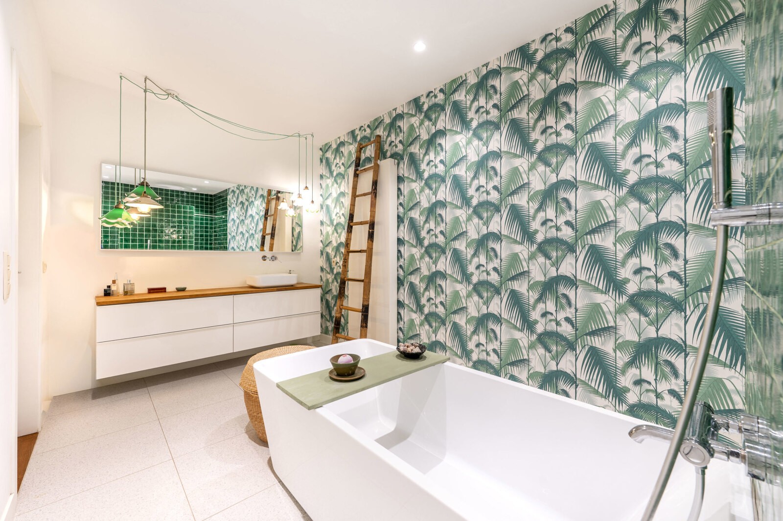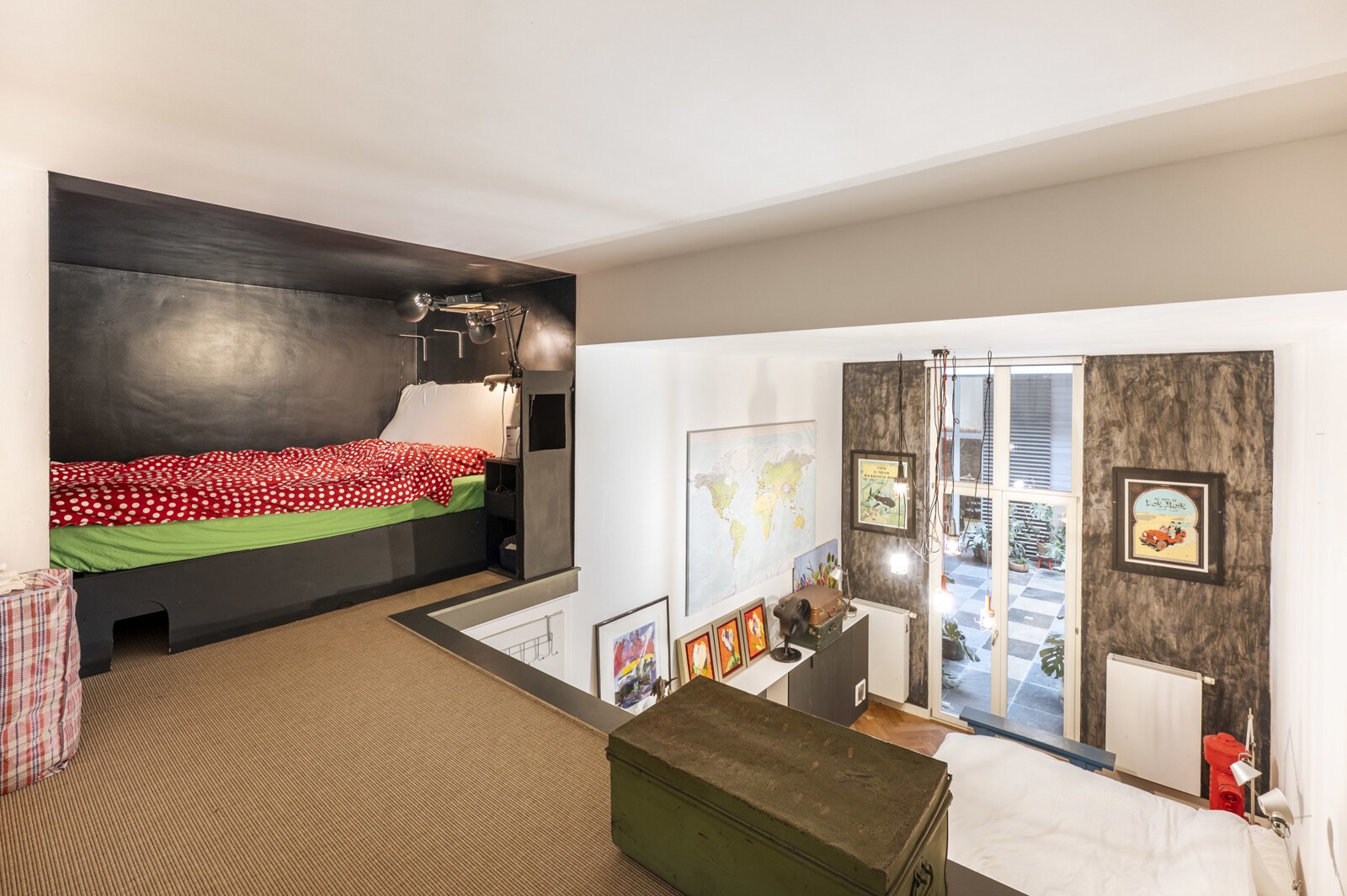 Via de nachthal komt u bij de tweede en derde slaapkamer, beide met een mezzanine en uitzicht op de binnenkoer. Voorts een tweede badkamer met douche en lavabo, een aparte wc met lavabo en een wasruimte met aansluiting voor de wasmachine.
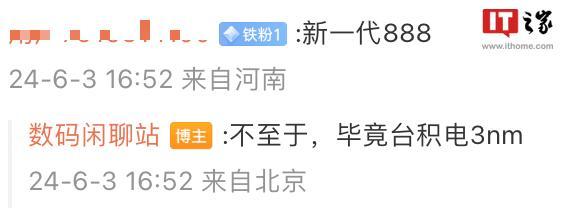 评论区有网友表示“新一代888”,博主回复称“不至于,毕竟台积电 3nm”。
:::
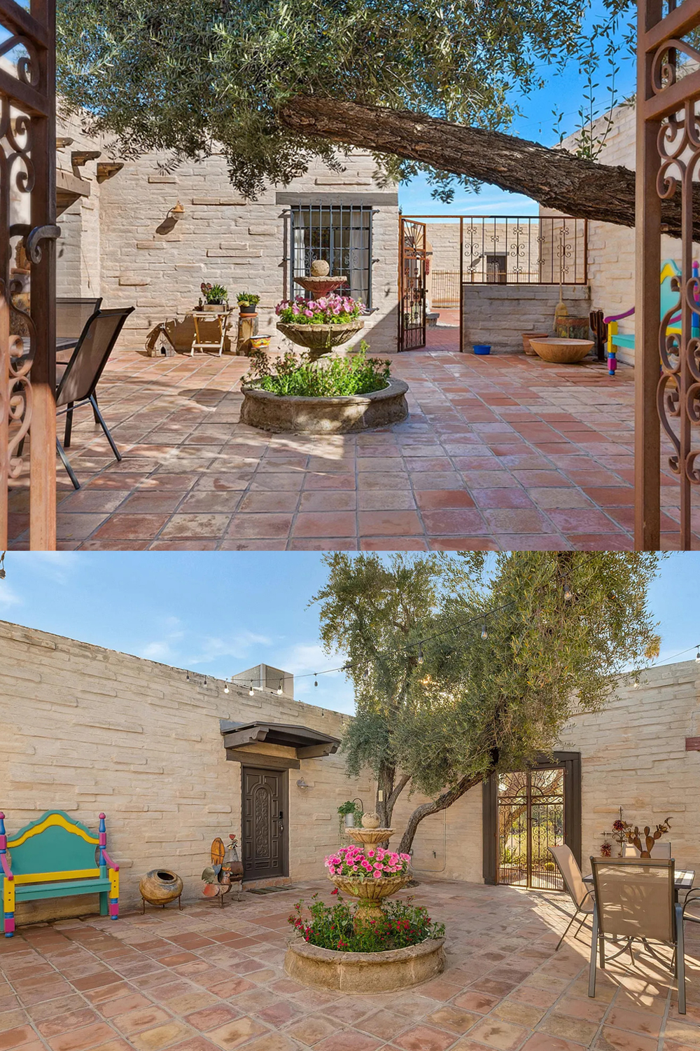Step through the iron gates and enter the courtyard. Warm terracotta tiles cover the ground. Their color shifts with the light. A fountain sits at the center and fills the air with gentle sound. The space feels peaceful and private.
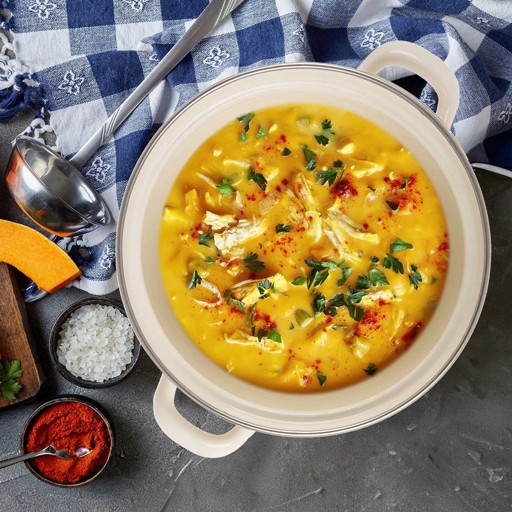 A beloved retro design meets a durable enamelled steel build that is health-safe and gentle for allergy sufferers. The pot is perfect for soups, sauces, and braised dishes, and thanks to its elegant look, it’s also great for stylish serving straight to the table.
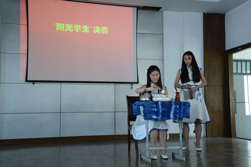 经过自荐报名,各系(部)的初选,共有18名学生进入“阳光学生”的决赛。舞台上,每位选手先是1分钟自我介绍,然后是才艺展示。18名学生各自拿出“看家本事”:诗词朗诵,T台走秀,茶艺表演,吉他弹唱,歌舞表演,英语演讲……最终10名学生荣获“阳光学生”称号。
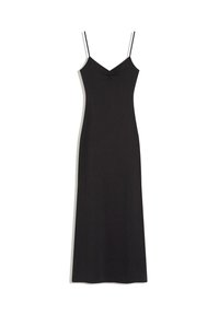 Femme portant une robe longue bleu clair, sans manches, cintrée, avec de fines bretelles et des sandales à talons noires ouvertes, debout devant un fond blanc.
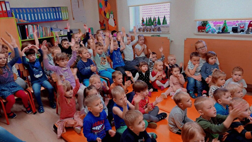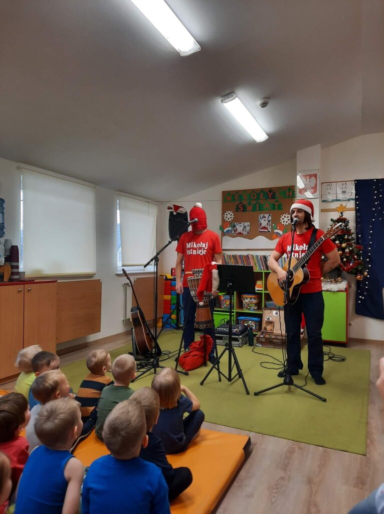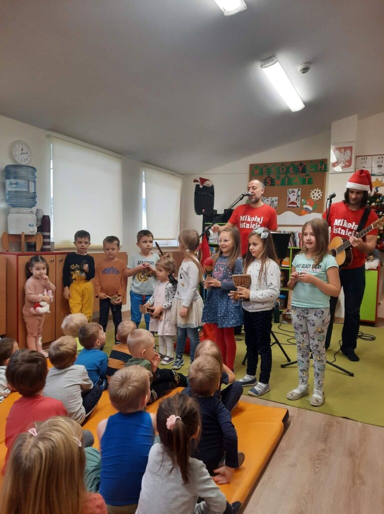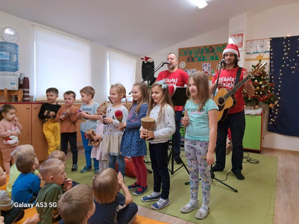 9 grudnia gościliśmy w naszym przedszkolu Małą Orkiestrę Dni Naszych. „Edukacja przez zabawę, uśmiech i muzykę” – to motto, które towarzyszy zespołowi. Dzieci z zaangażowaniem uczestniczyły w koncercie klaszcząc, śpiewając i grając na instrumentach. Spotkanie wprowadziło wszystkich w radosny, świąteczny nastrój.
:::
--- The problem ---
Using the data above, return the lines from the one holding "A beloved retro" through the one holding "9 grudnia gościliśmy" exactly, but not the pictures.

--- Response for this exercise ---
 A beloved retro design meets a durable enamelled steel build that is health-safe and gentle for allergy sufferers. The pot is perfect for soups, sauces, and braised dishes, and thanks to its elegant look, it’s also great for stylish serving straight to the table.
 经过自荐报名,各系(部)的初选,共有18名学生进入“阳光学生”的决赛。舞台上,每位选手先是1分钟自我介绍,然后是才艺展示。18名学生各自拿出“看家本事”:诗词朗诵,T台走秀,茶艺表演,吉他弹唱,歌舞表演,英语演讲……最终10名学生荣获“阳光学生”称号。
 Femme portant une robe longue bleu clair, sans manches, cintrée, avec de fines bretelles et des sandales à talons noires ouvertes, debout devant un fond blanc.
 9 grudnia gościliśmy w naszym przedszkolu Małą Orkiestrę Dni Naszych. „Edukacja przez zabawę, uśmiech i muzykę” – to motto, które towarzyszy zespołowi. Dzieci z zaangażowaniem uczestniczyły w koncercie klaszcząc, śpiewając i grając na instrumentach. Spotkanie wprowadziło wszystkich w radosny, świąteczny nastrój.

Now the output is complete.